=== Begin Enclosure ===
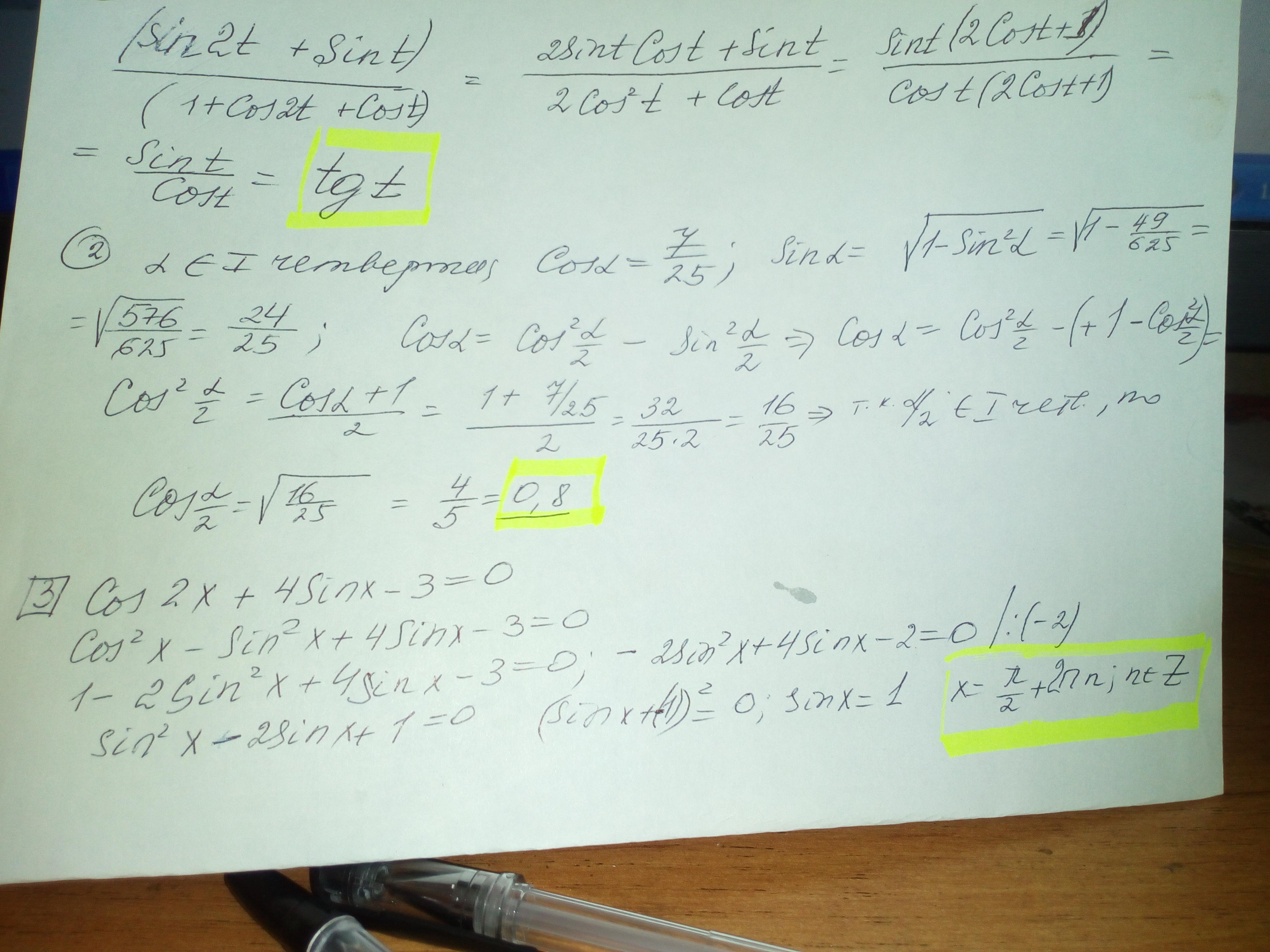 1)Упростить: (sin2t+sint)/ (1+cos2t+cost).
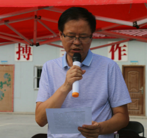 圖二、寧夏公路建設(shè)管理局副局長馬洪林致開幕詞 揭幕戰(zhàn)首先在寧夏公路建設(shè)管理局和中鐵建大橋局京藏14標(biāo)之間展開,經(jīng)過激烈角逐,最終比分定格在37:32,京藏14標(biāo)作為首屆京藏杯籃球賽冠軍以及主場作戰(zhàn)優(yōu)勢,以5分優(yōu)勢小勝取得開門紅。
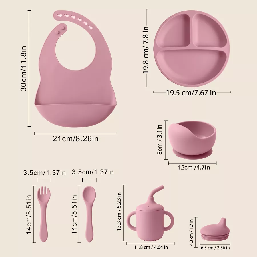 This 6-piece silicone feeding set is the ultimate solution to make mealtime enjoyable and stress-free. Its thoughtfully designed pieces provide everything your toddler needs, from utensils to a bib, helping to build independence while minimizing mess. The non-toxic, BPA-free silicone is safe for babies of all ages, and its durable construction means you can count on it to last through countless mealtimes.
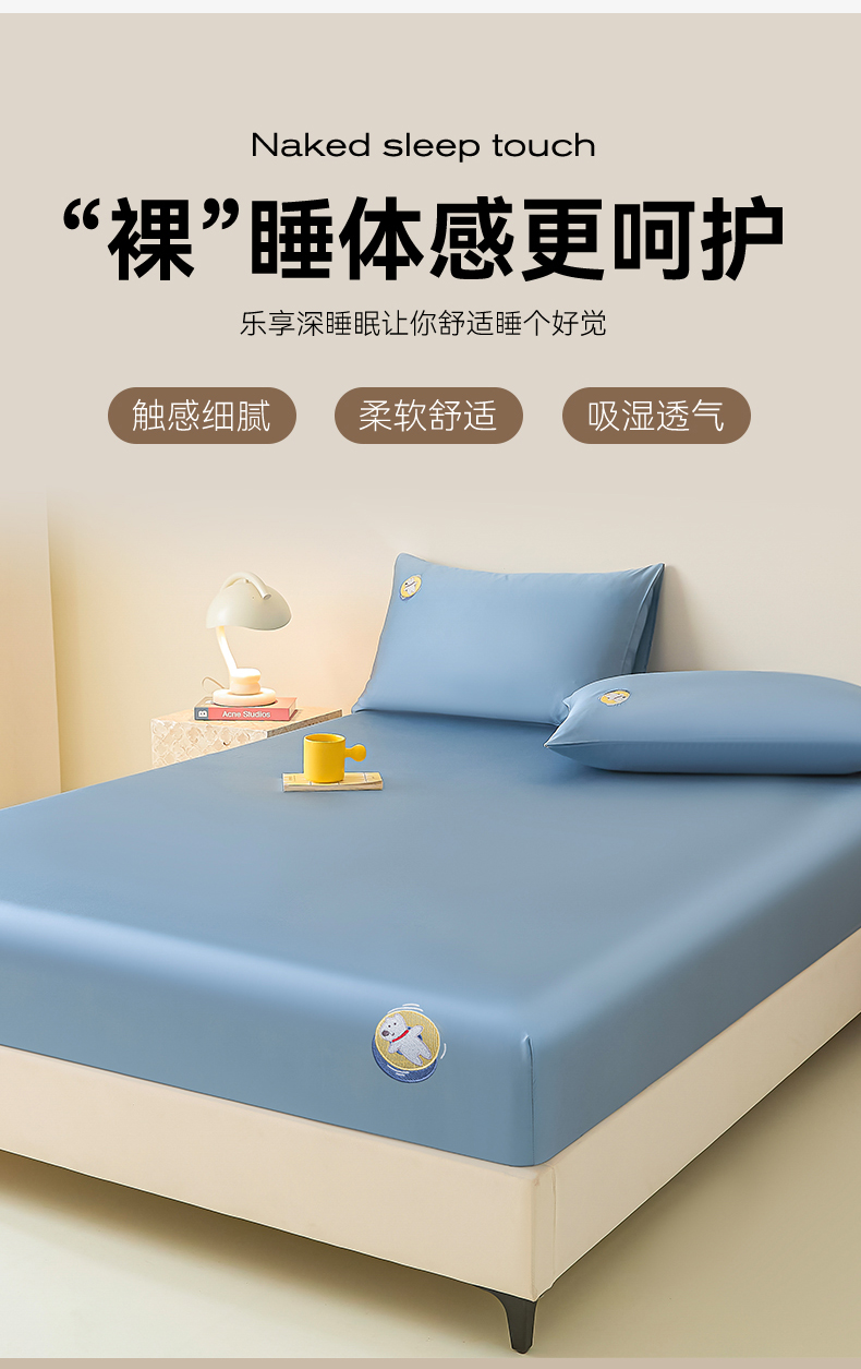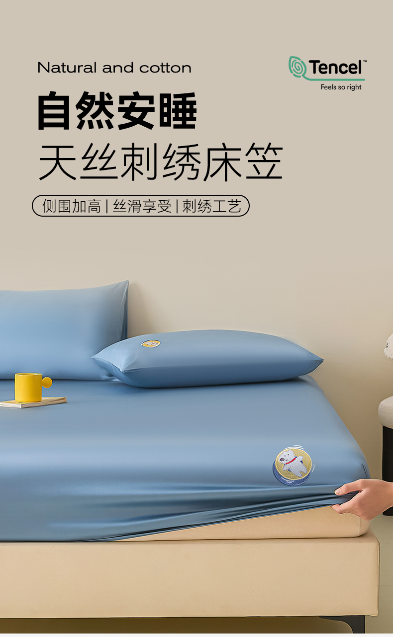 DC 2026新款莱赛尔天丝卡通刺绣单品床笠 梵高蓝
=== End Enclosure ===
> [Instructions to follow]: From the first line above down to the line with "圖二、寧夏公路建設(shè)", reproduce every line and no others, omitting pictures.

> [Completed task]:
 1)Упростить: (sin2t+sint)/ (1+cos2t+cost).
 圖二、寧夏公路建設(shè)管理局副局長馬洪林致開幕詞 揭幕戰(zhàn)首先在寧夏公路建設(shè)管理局和中鐵建大橋局京藏14標(biāo)之間展開,經(jīng)過激烈角逐,最終比分定格在37:32,京藏14標(biāo)作為首屆京藏杯籃球賽冠軍以及主場作戰(zhàn)優(yōu)勢,以5分優(yōu)勢小勝取得開門紅。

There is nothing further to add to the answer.